In close collaboration with Stanford's world-renowned Division of Sleep Medicine, Solmaz and Landy will complete comprehensive sleep medicine fellowship training along with special focus on pulmonary and sleep disorders within three years of PCCM fellowship. At completion of training both fellows will be eligible for sleep medicine board certification. Solmaz and Landy will be mentored and supervised by our own faculty programmatic leads Michelle Cao and Gaurav Singh, who are board certified in sleep medicine. We view this opportunity as a testament to the Division's commitment towards educational opportunities and supporting personalized career pathways for our fellows. We are grateful and proud of Michelle and Gaurav for organizing this new initiative for Stanford. Please congratulate Solmaz and Landy, our inaugural fellows, when you have the opportunity.
March 10, 2022
A big congratulations to Dr. Vinicio de Jesus Perez and his research team for receiving a $3M NIH R01 grant evaluating the pathogenesis of pulmonary arterial hypertension (PAH). In their original R01, his team confirmed a key role for the Wnt7a/ROR2 signaling pathway in lung angiogenesis and how the loss of this mechanism is a feature of PAH vascular pathology.

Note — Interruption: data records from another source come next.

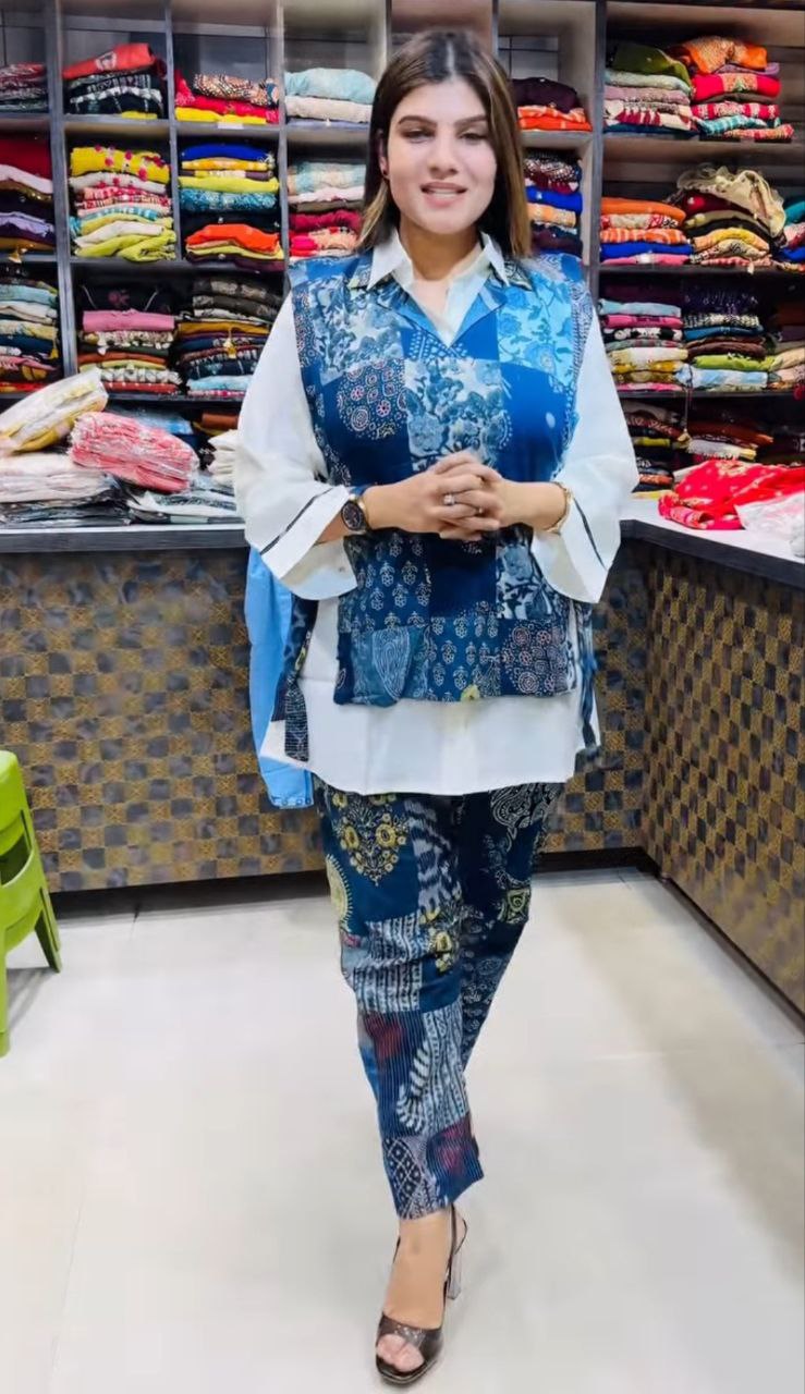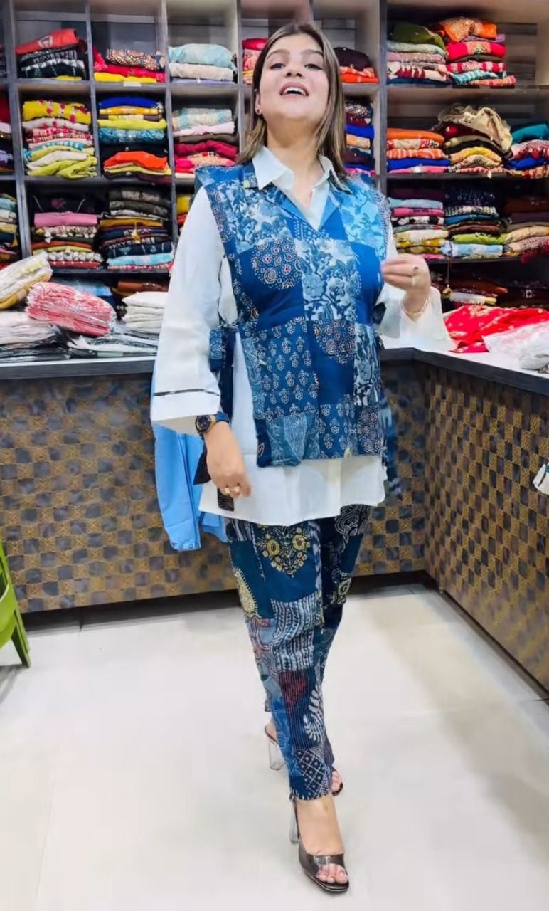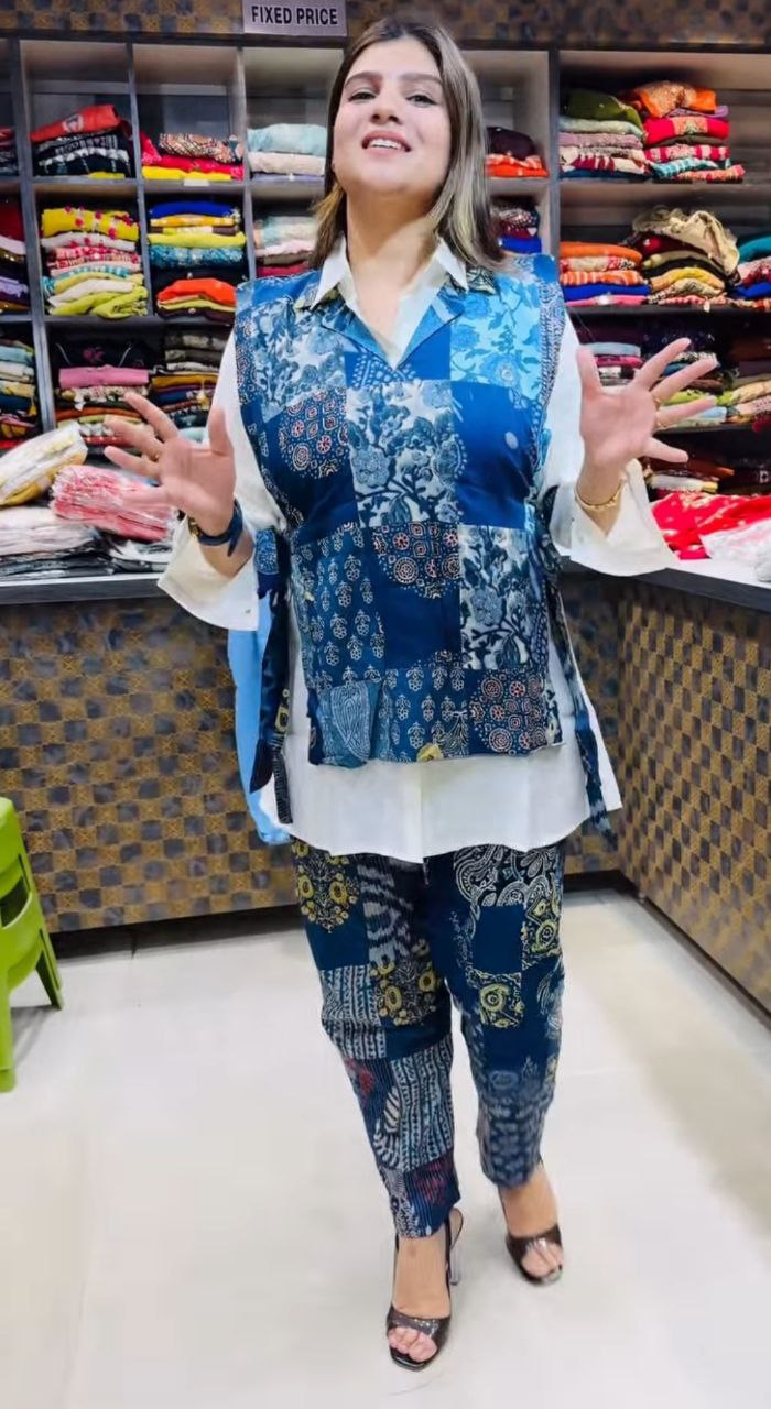 A contemporary fusion set crafted in premium cotton, designed in rich shades of indigo and deep blue. The outfit features a layered silhouette with a crisp off-white inner shirt paired with a printed blue overlay top. The overlay showcases a patchwork-inspired mix of floral and traditional motifs, creating a modern artistic appeal. The matching printed straight pants carry coordinated ethnic patterns, balancing the layered look beautifully. Perfect for casual outings, smart day wear, and statement everyday styling.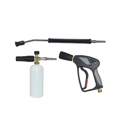 Универсальный пенный комплект используется для быстрой бесконтактной мойки автомобилей. Пенный комплект обеспечивает дозированное нанесение активной пены на поверхность автомобиля и быструю смену насадок для смывания водой. Пенная таблетка встроенная в сопло насадки обеспечивает качественную, стойкую пену для более длительного воздействия на грязь. Байонетный затвор позволяет быстро снимать и устанавливать как копьё высокого давления, так и бачок с моющим средством. Пенная насадка сделана с применением латунных комплектующих, что обеспечивает высокую прочность конструкции. Комплектация: Копьё с соплом; Насадка с бачком для моющего средства, с регулировками концентрации моющего раствора и плотности пены; Пистолет высокого давления с курком и предохранителем от случайного нажатия.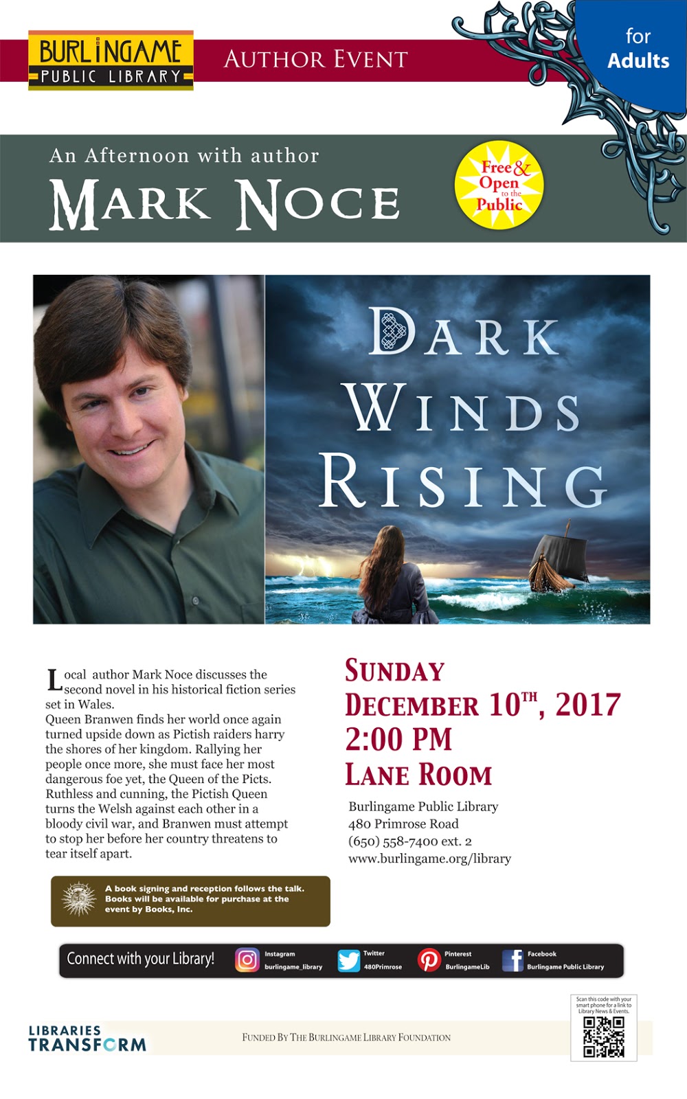 In preparation for my upcoming release of Dark Winds Rising this December, I’ve recently revamped my website. Now both of my books will be available: pre-orders for Dark Winds Rising and Between Two Fires purchases wherever books are sold. Marknoce.com.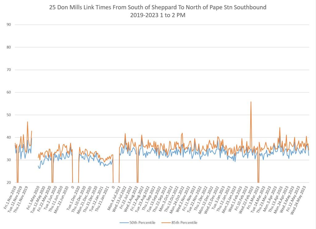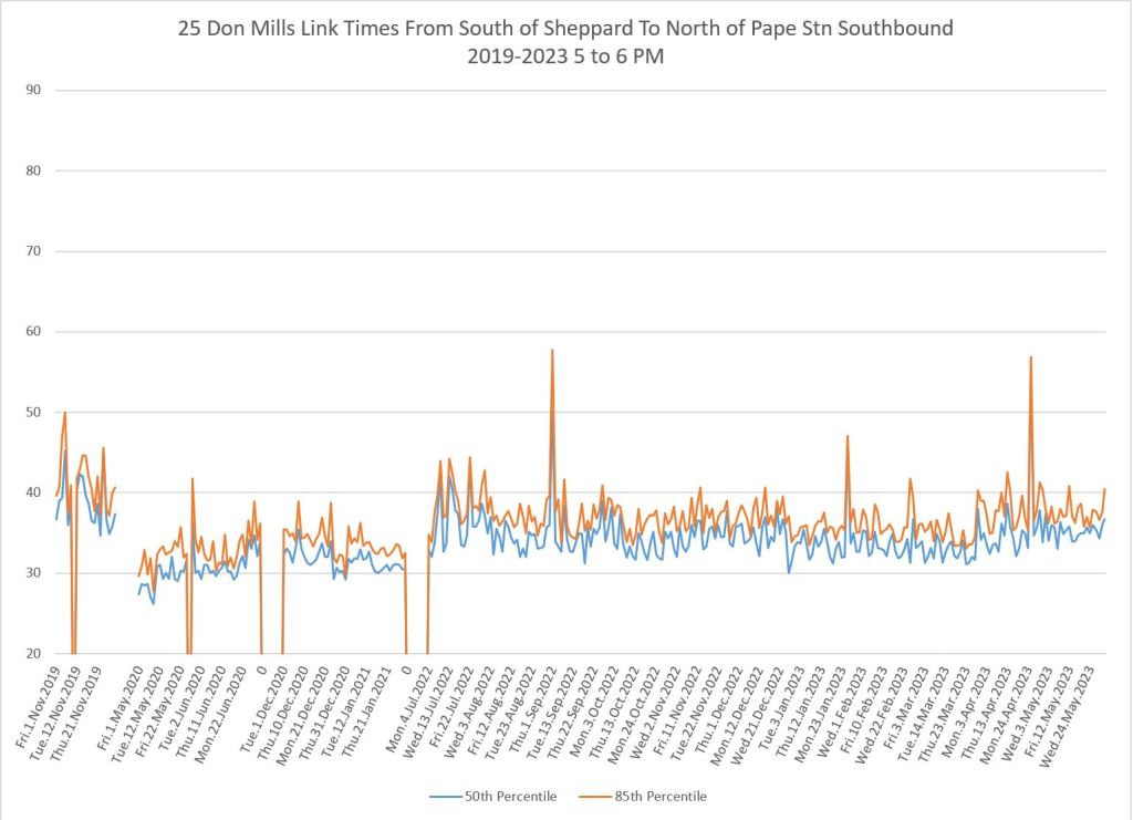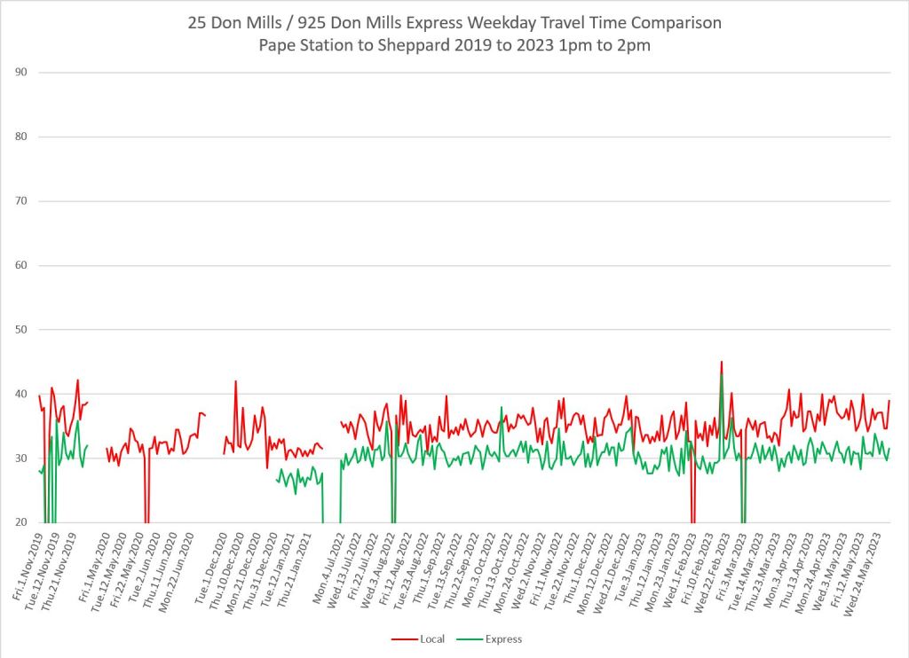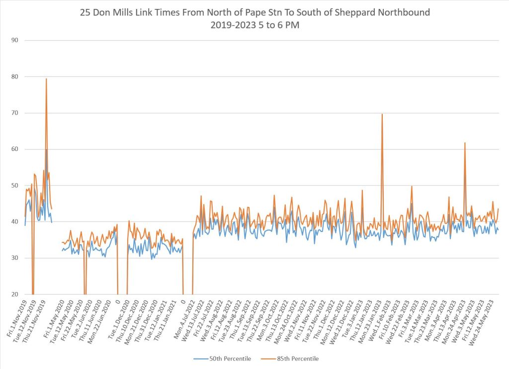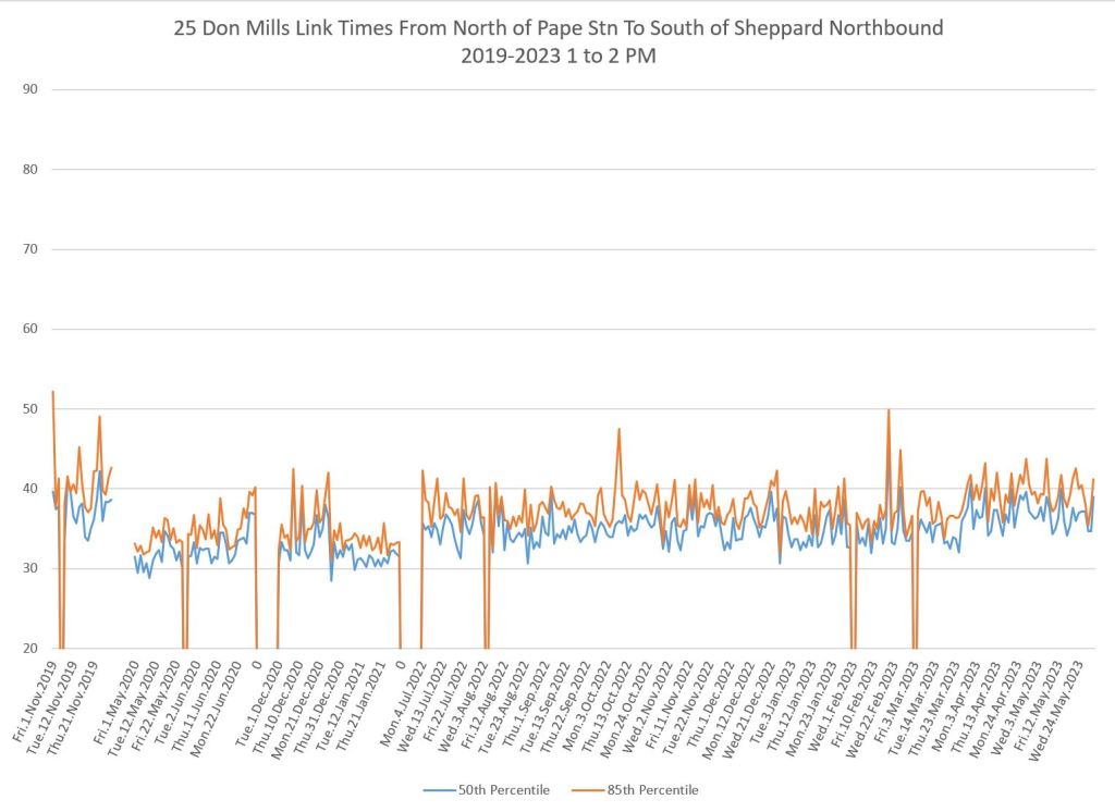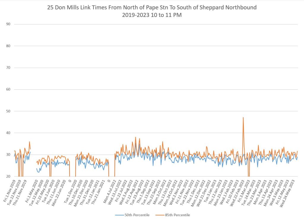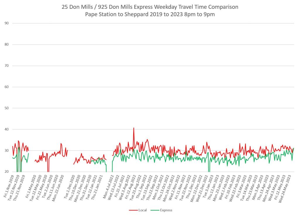 The 25 Don Mills local service shows a drop in travel times in the covid era, but a fairly quick growth back to pre-pandemic levels in some periods.

The renewal grant will focus on elucidating the transcriptional and epigenetic mechanisms governing the behavior of diseased endothelial cells with implications for how the right ventricle adapts in this lethal condition. Excellent news and great work, Vinicio and team!
February 11, 2022
It is the PACCM division’s great pleasure to announce that Adam Andruska has been selected as a 2022 Parker B. Francis Fellow for his research under the mentorship of Edda Spiekerkoetter. Adam will be continuing his investigations into the pathogenesis of pulmonary hypertension in Edda’s lab and co-mentored by Maya Kumar.
The PBF is a prestigious honor and award for which Adam is incredibly deserving, and is a testament to his perseverence over the years. We’re very proud of and happy for him.
February 9, 2022
Please consider attending this year's CTS Annual Educational Conference. This is one of the best programs that we have seen for this meeting. With subjects ranging from post-ICU care, modes of ventilation and proning, hands-on sessions with ventilators/oxygen delivery devices/neural triggering for OSA, lung cancer, sleep disorders, climate change/environmental pollution, pandemic career development/wellness, and women in PCCM/Sleep medicine, this program offers something for everyone - and will occur in the lovely Portola Hotel and Spa in Monterey.
We need to call out a few of Stanford's faculty. Our group is becoming increasingly prominent in the California Thoracic Society. First a big congratulations to our very own Drs. Kristina Kudelko and Gaurav Singh who are the Conference Co-Chairs - amazing job, you two. We also have to celebrate Dr. Michelle Cao, the current CTS President. We look forward to attending the conference in person this year.
January 20, 2022
"Newsweek has created international rankings for specialized hospitals and this year added Pulmonology as a category. Stanford did well for this initial outing coming in at number 7!